Dalam pos

PorosBekasi.com – Skandal migas lapangan Jatinegara, Jatisampurna, Kota Bekasi, kian terbuka lebar. Kejaksaan Negeri Kota Bekasi tancap gas mengurai praktik yang diduga sarat penyimpangan dan berpotensi menguras keuangan daerah tersebut, dengan memeriksa intensif sejumlah pihak yang terseret dalam pusaran kasus.

Berdasarkan informasi yang dihimpun, pemeriksaan yang berlangsung, pada Kamis, 23 April 2026,

tak hanya ditangani oleh Kejari Bekasi, tetapi juga melibatkan tim penyidik dari Kejaksaan Agung.

“Infonya pemeriksaan oleh pihak Kejagung,” ungkap sumber Porosbekasi.com yang enggan disebutkan namanya, Jumat (24/4/2026).

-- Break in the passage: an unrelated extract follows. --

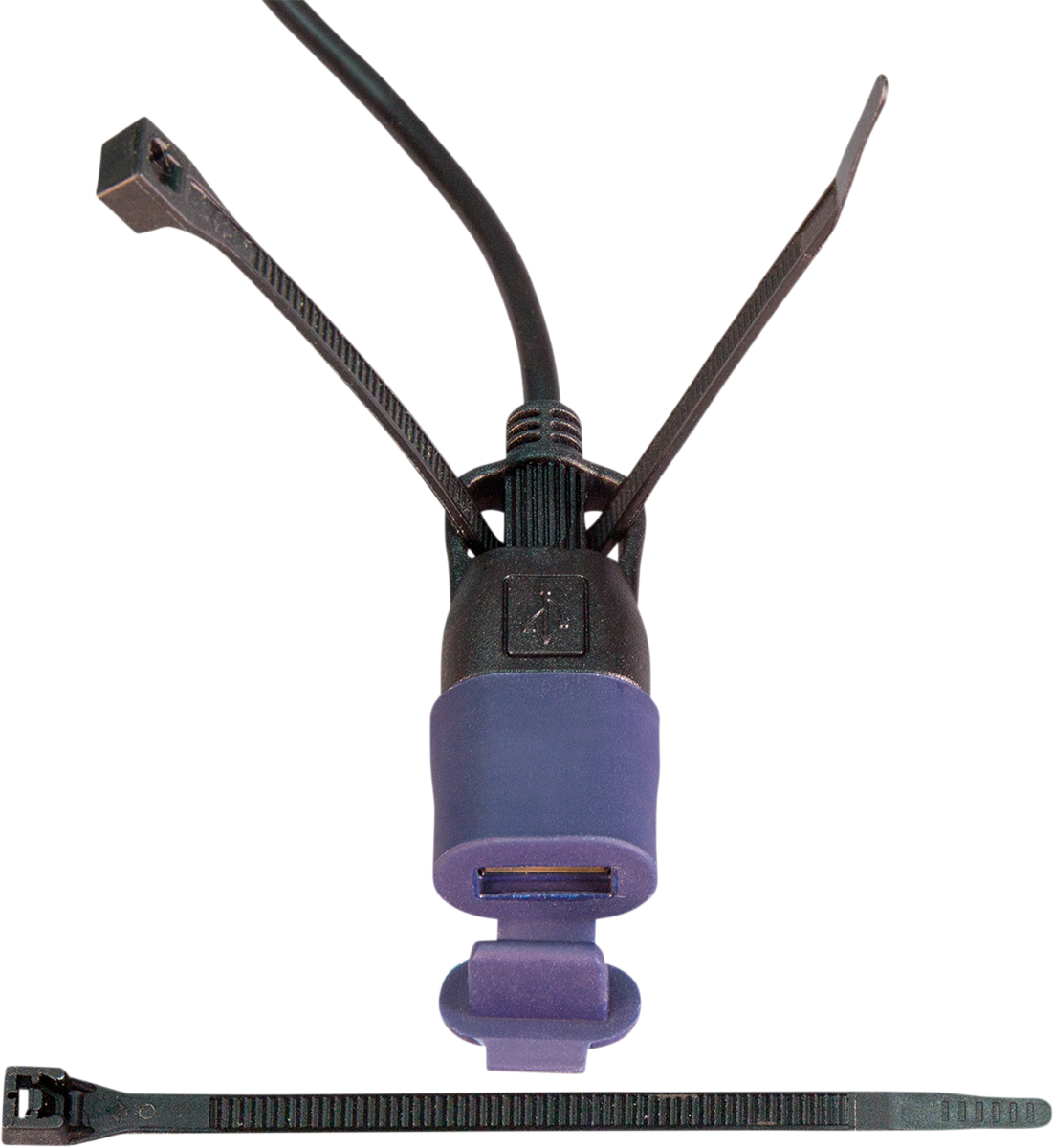 - Weatherproof USB charge port easily zip-tie to handlebar, strut or even brake/clutch cable – seals against inserted USB cable for charging in any weather

Menurutnya, salah satu pihak yang diperiksa adalah mantan Wali Kota Bekasi, Mochtar Mohamad. Pemeriksaan terhadap pria yang biasa disapa M2 itu berlangsung cukup lama.

Kemitraan PD Migas Kota Bekasi dengan Foster Oil Energy sepanjang 2011-2019, disebut justru meninggalkan beban finansial dan polemik hukum, alih-alih keuntungan.
(Foto: Dok.@ptmigasbekasi)

“Infonya dia (M2) diperiksa hingga malam hari,” tambah sumber.

Meski demikian, hingga berita ini diturunkan, pihak Kejari Kota Bekasi belum memberikan keterangan resmi terkait perkembangan pemeriksaan penyidikan tersebut.

Diketahui, kasus ini merupakan tindak lanjut dari rangkaian penyelidikan sebelumnya yang telah menyeret sejumlah nama, mulai dari pejabat Pemerintah Kota Bekasi, mantan Direktur Utama Migas, hingga Dirut PD Migas Kota Bekasi.

Dugaan korupsi dalam proyek ini disebut berpotensi merugikan keuangan daerah hingga ratusan miliar rupiah. Nama Tri Adhianto, turut terseret dalam pusaran kasus.

Ia disebut sebagai pihak yang dianggap bertanggung jawab atas perpanjangan kerja sama antara PD Migas dan Foster Oil and Energy Pte Ltd yang diduga tidak sesuai aturan.